Continuous Manufacturing is increasingly gaining in importance in the pharmaceutical industry. More and more oral solid dosage forms are manufactured by continuous production. In the form of direct compression, Fette Compacting is relying on the most efficient variant of continuous tablet production.


It now looks like the pharmaceutical market is at a turning point. For more than a century, pharmaceutical companies have been manufacturing their tablets and capsules almost exclusively in batch procedures where individual production stages are processed strictly in succession. This stop-and-go method still remains the most popular way of producing solid formulations today. However, one look at market developments in recent years indicates that the traditional leading position held by the batch process could soon start to falter.

Even today, increasing numbers of oral solid dosage pharmaceuticals (OSD) are being produced using Continuous Manufacturing methods.
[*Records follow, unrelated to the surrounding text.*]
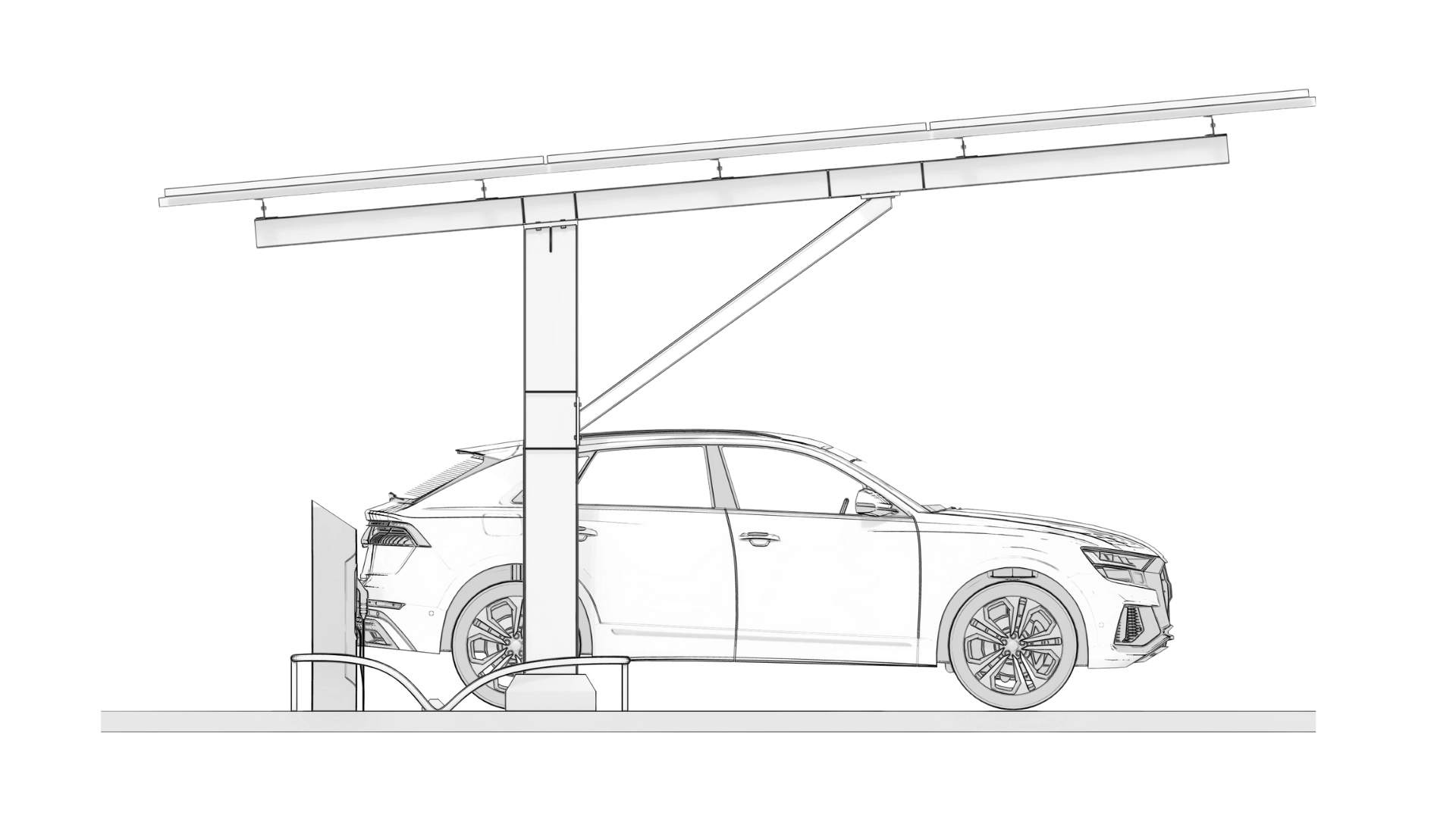 Single-row solar carport model with a vertical brace to provide durability and accessibility to the system.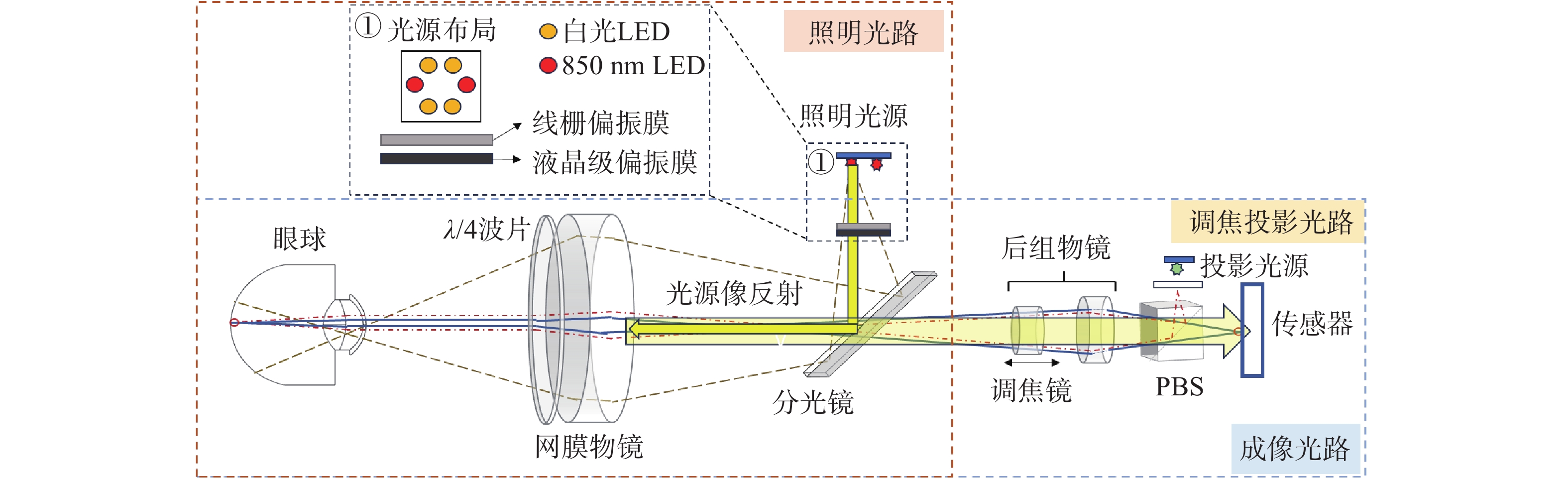 针对传统便携式免散瞳眼底相机存在照明与成像光路相互制约、角膜杂散光干扰严重、视网膜不同区域难以同时清晰成像等问题,本文提出一种新型眼底光学系统设计方案。该方案采用四点光源矩形布局与分区域亮度可调的照明方式,在3.2 mm瞳孔直径下使角膜杂散光较传统方法减少91.56%,并可实现视盘与黄斑区域的高对比度同步成像。系统通过照明光路与成像光路分离设计,结合线栅与液晶叠层偏振技术,有效抑制了光学表面反射杂光。在230.4 mm×90 mm紧凑型结构内同步实现53°大视场、±20 D屈光补偿,及6 μm的眼底分辨率。本系统通过单次拍摄人眼即可获得视盘与黄斑细节清晰、对比度优良的视网膜图像。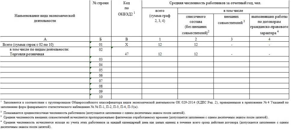 В разделе 1 следует указать среднесписочную численность работников организации в разбивке по отраслям деятельности. Учтите всех лиц, работающих на основании трудовых договоров, в том числе выполняющих временную или сезонную работу, и владельцев организации, если они получают зарплату. В среднесписочную численность традиционно не включаются внешние совместители, лица, с которыми заключены гражданско-правовые договоры, сотрудницы, находящиеся в отпусках по уходу за ребенком, и сотрудники в учебном отпуске. Информацию о внешних совместителях и работниках по ГПД указывают в отдельных колонках.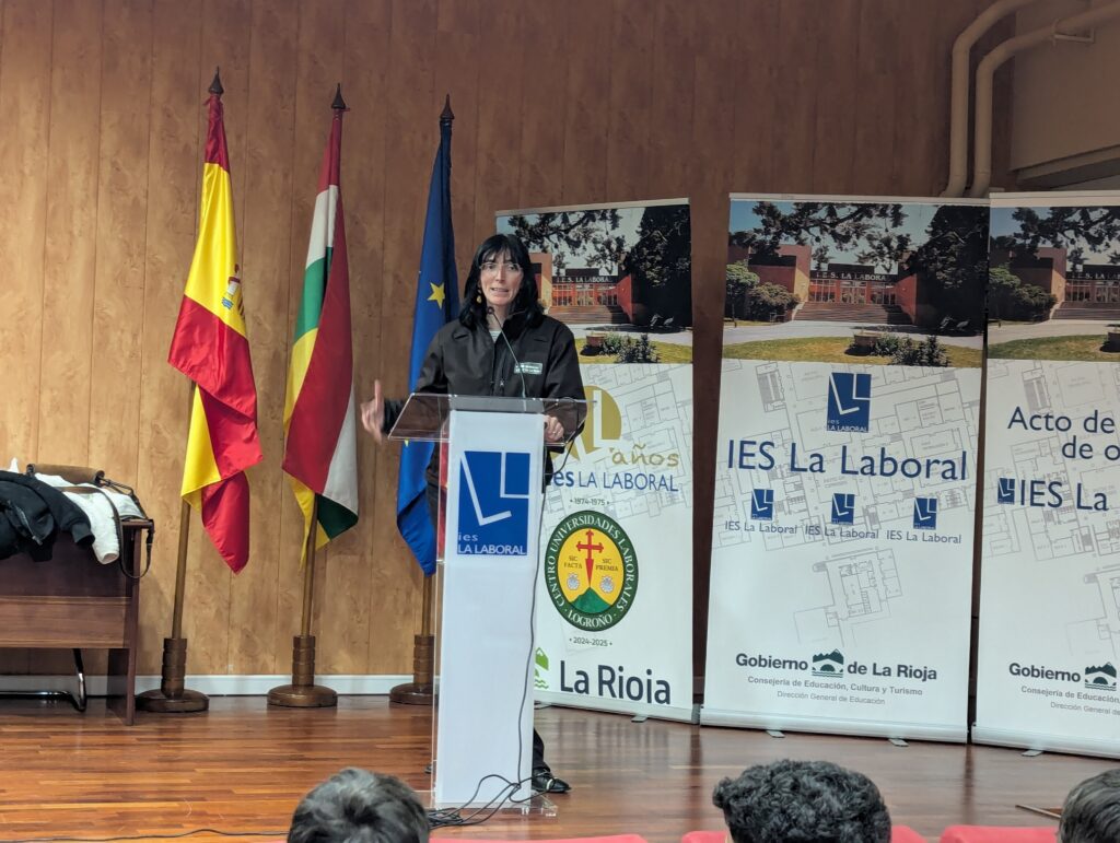 Por otro lado, el paleontólogo Adrián Blázquez y la restauradora Alba Marco han dirigido una charla a los alumnos de 4º de la ESO que cursan la asignatura de Biología y Geología en el Aula Magna. En la misma han hablado de los principales yacimientos fósiles de dinosaurios de La Rioja. Ha sido especialmente interesante la parte en la que nos han explicado las técnicas convencionales y de última generación para estudiar a estos fantásticos seres.

Since 2015, the Food and Drug Administration (FDA) has approved six pharmaceutical products in tablet form for production with continuous processes, including drugs for the treatment of cancer and cystic fibrosis.
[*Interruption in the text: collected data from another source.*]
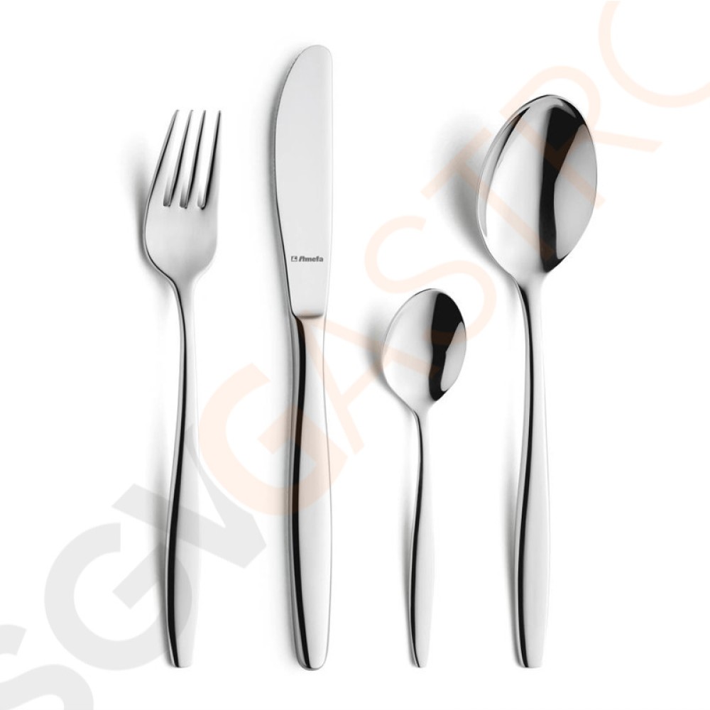 Moderne Besteckserie aus hochglanzpoliertem 18/10 Edelstahl. Verkauft im 12er Pack.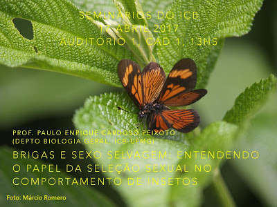 O Instituto de Ciências Biológicas da UFMG sediará o seminário “Brigas e sexo selvagem: entendendo o papel da seleção sexual no comportamento de insetos”. O ...
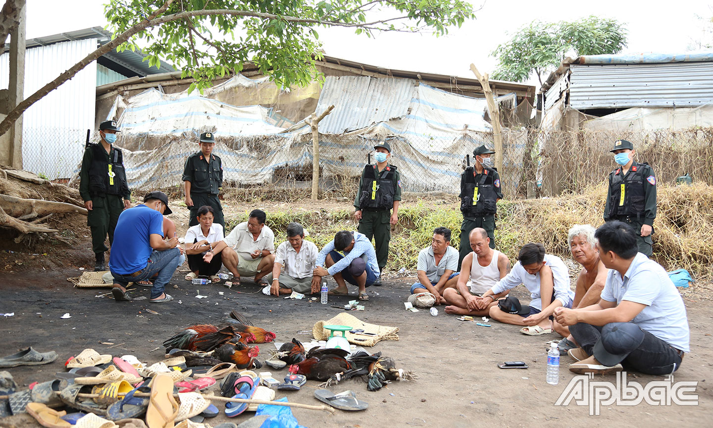 Được biết, tụ điểm đá gà trên nằm sát đường lộ lớn do một đối tượng có biệt danh Út Trọc tổ chức và Nguyễn Phan Phát Giàu (SN 1984, xã Phước Trung, huyện Gò Công Đông) làm trọng tài. Các đối tượng thường tụ tập tại quán cà phê đối diện, sau đó vào tụ điểm để tổ chức đá gà. Đối tượng Giàu khai nhận, tụ điểm đá gà này đã tồn tại gần 1 năm qua, mỗi ngày tổ chức từ 10 đến 12 trận đá gà.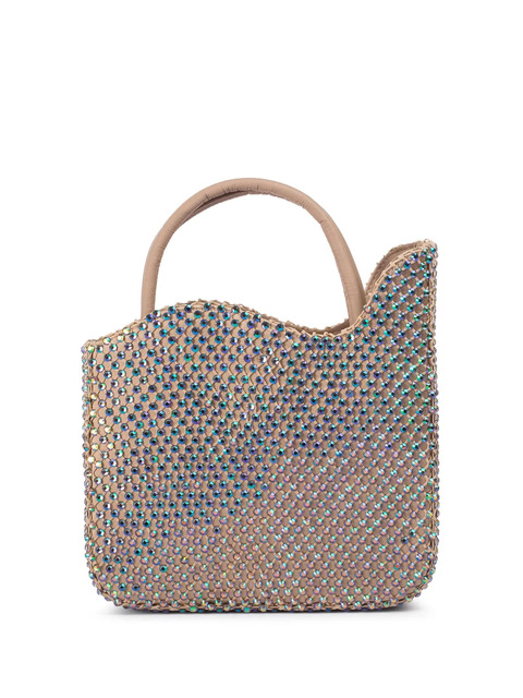 beige rhinestone embellishment two top handles asymmetric design main compartment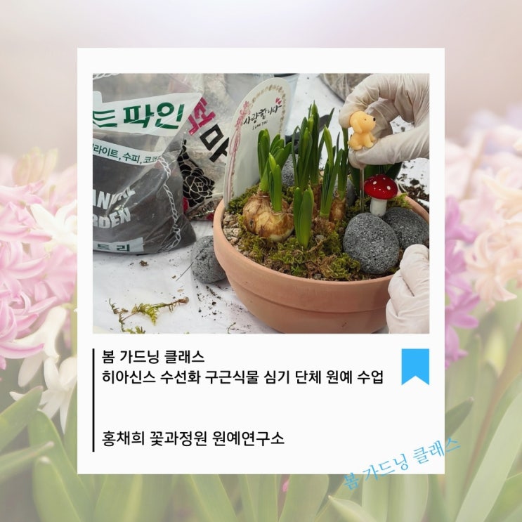 봄 가드닝 클래스 | 히아신스 수선화 구근식물 심기 단체 원예 수업 #봄가드닝 #봄가드닝클래스 #히아신스심기 #수선화심기 #구근식물심기 #단체원예수업 #플라워클래스 날씨가 제법 포근해지며 완연한 봄기운이 느껴집니다. 계절의 변화를 조금 더 빨리, 생생하게 느끼고 싶을 때 함께하기 좋은 활동이 바로 가드닝입니다. 복지관, 병원, 학교, 기업 등 다양한 기관의 참여자분들과 함께 봄을 맞이하는 단체 원예 수업을 진행하고 있습니다. 최근에는 봄의 전령사라 불리는 '히아신스'와 '수선화'를 직접 심어보는 구근식물 가드닝 클래스를 진행했습니다. 기다림마저 즐거운 구근식물 꽃은 활짝 핀 순간도 아름답지만, 흙....... <img src="https://blogthumb.pstatic.net/MjAyNjAzMDVfNDgg/MDAxNzcyNzAwNTgwMDkx.Fdlnr9YLrL1gsg4y3lgOX3snjYGZtWbkKpqy-0wzObwg.SyryYzpFpPWiFOa7Hi3qq53E6lOLV7BAYWCQeURy1nQg.JPEG/%BA%BD_%B0%A1%B5%E5%B4%D7_%C5%AC%B7%A1%BD%BA__%C8%F7%BE%C6%BD%C5%BD%BA_%BC%F6%BC%B1%C8%AD_%B1%B8%B1%D9%BD%C4%B9%B0_%BD%C9%B1%E2_%B4%DC%C3%BC_%BF%F8%BF%B9_%BC%F6%BE%F7.jpg?type=s3" />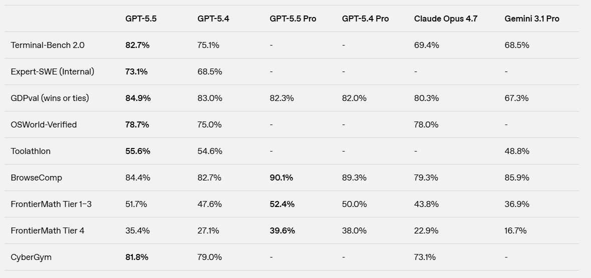 Expert-SWE: На одном из самых сложных внутренних тестов по программированию, где задачи рассчитаны на 20 часов работы Senior-разработчика, GPT-5.5 показала результат в 73,1% успешных решений (рекордный показатель на рынке).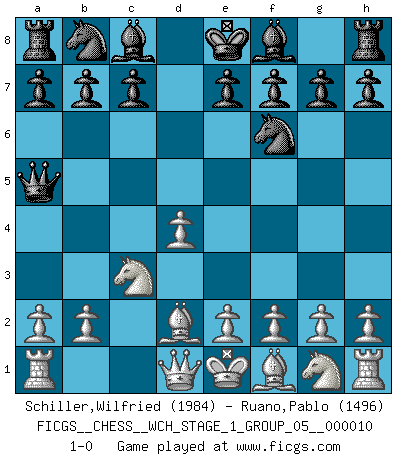 Last move : 1-0 2012 February 6 7:7:11 [Event "FICGS__CHESS__WCH_STAGE_1_GROUP_05__000010"] [Site "FICGS"] [Date "2012.01.01"] [Round "1"] [White "Schiller,Wilfried"] [Black "Ruano,Pablo"] [Result "1-0"] [WhiteElo "1984"] [BlackElo "1496"] 1.d4 Nf6 2.c4 d5 3.cxd5 Qxd5 4.Nc3 Qa5 5.Bd2 1-0 This chess game has been lost on time (started : 2012.01.01 23:15:22) Queen's pawn game Player White won this chess game. Follow this game move after move (download)Bobby Fischer is the greatest Chess player who has ever lived. (Ken Smith) Ich würde mich als ganz normalen Jungen bezeichnen [Im Alter von 12]. (Sergej Karjakin) ¿Quién es tu oponente esta tarde? Esta tarde mi oponente son las piezas negras. (Akiba Rubinstein) Les Cavaliers se révèlent fort utiles dans les positions fermées. D'habitude, les Fous sont un peu plus forts que les Cavaliers dans les positions ouvertes. Qu'on le veuille ou non, il restera toujours des exceptions ! Logic : The art of thinking and reasoning in strict accordance with the limitations and incapacities of the human misunderstanding. (Ambrose Bierce)

From the manufacturers‘ point of view, one of the decisive arguments for continuous production is the great potential for safe and costsaving processes, whereby the high efficiency of the process plays a significant role. According to the FDA, the international pharmaceutical industry is currently losing up to 50 billion USD a year due to inefficient processes.

Compact and efficient: direct compression
Continuous Manufacturing is based on a new understanding of processes: the product in one process forms the direct base material for the next one. Unlike batch procedures, continuous lines are operated without interruption over a longer period of time. The continuous flow of materials does not require any storage space for intermediate products and makes it possible to scale batch sizes solely over the lines’ runtime. This process also facilitates swift market launches of new products as the same line can be used for both development and production.

As a general rule, the more streamlined the design of the continuous line, the more efficient the production process. For this reason, Fette Compacting relies on the compact set-up of direct compression for its continuous tableting lines.

After the dosing process, the powder is fed directly from the mixer into the tablet press without any additional granulation. If required, the tablets can also be coated afterwards. This dispenses with several cost-intensive production steps resulting from the usual granulation processes, which are often necessary in batch production. This streamlining of the process is made possible by an uninterrupted material flow with consistently high product quality.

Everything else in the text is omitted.